Pada akhirnya, bagi Rina teman yang baik itu selalu ada memberikan tambahan penghasilan tak terduga meski harus dibayar dengan kesabarannya. Tapi tidak apa-apa, setiap perbuatan pasti ada bayarannya dan perbuatan Dini dibayar dengan uang serta rasa malu.
"Din, nanti pulang sekolah ikut aku ya. Yang lain kalau mau ikut juga boleh kok. Biar kalian tahu mengapa aku sabar kalian tuduh bodoh dan terkesan dirundung." Kata Rina tegas. Ia menatap Dini dan teman sekelasnya. "Weuh..." Usai melenguh Rina melirik Kak Rifki. Kemudian berlalu menuju kelasnya.
Uji kecerdasan itu berakhir di tangan Kak Rifki. Rina agak kecewa. Ia khawatir tak bisa membantu mereka lagi. Padahal uang perundungan itu sangat mereka butuhkan. Meski Rina harus berlagak tulalit dan dinilai bodoh oleh teman-temannya Dini.
Petualangannya menolong ibu dan empat anak itu di ujung tanduk. Meski Rina yakin pertolongan Allah paling utama. Namun, beberapa bulan ini, ia sudah nyaman dicap bodoh demi membantu mereka. Perjuangannya ibarat sebatang lilin menyala. Tubuh terbakar dan meleleh demi menerangi orang lain.
Sebetulnya peran ini tak ia sadari. Allah mempertemukannya kembali dengan ibu dan anak itu di jalan dekat gang rumahnya ketika pulang sekolah esok harinya. Rina pun diam-diam mengikuti mereka.
Mereka ternyata tinggal jauh di pelosok dekat hutan tak terjamah di belakang perumahan warga. Ia sendiri baru tahu akan hutan itu. Di balik sebuah bukit kecil gundul di tepi hutan itu ternyata ada sungai. Di tepi sungai itu berdirilah pondok kecil ibu dan empat anaknya.

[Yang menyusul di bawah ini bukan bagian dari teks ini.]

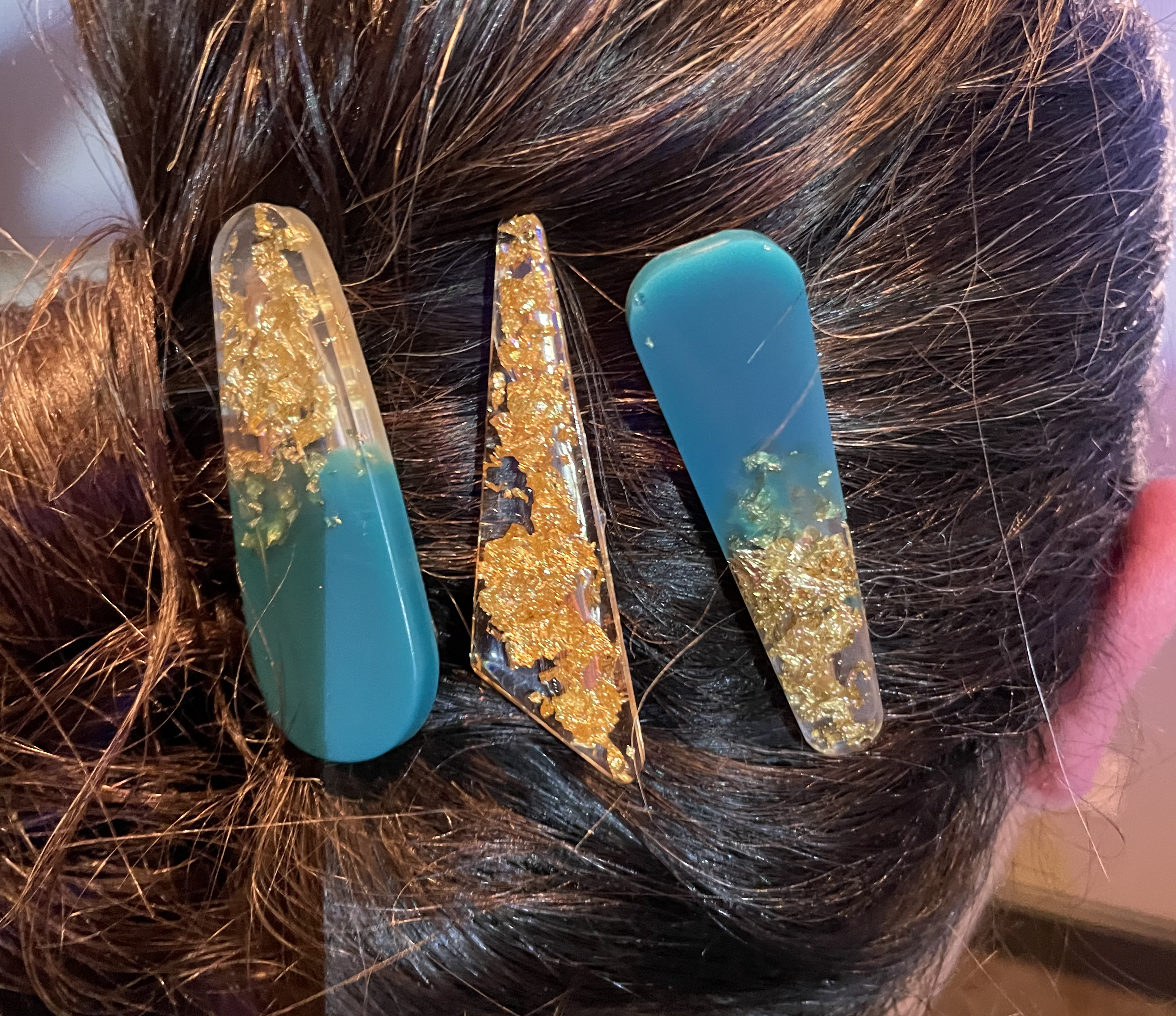 Blue, White and Gold Barrettes

Sebetulnya pondok itu tak layak di huni. Papan dinding sudah keropos. Atap seng sudah mulai patah-patah karena karat dan lapuk. Namun, pekarangan pondok bersih dan terawat. Ada bermacam sayur ditanam di sekitar pondok.
Sejak itu, ia mengintai si ibu lewat di gang. Ketika bertemu, ia pun menyerahkan uang permainan itu. Sejak itu ia ketagihan menolong ibu dan empat anak itu.
Pulang sekolah Dini dan teman-temannya serta Kak Rifki dan teman-temannya juga mendapati Rina di kelasnya. Rina takjub menatap mereka semua. "Yakin semua mau ikut?" Tanya Rina sambil menunjuk mereka semua. Semua mengangguk dan ada yang mengeluarkan jempol.
Mereka pun melangkah. Keringat dingin mulai meleleh di kening, pelipis, hidung, leher, tubuh, bahkan ketek mereka basah. Meski sudah hampir sore tetap panas dan lelah karena jauhnya berjalan.
Kegelisahan mulai mendera Dini dan teman sekelasnya. Wajar karena mereka anak-anak orang kayah. Mana pernah berjalan kaki sejauh ini. Joging pun paling muter-muter di sekitar pusat kota.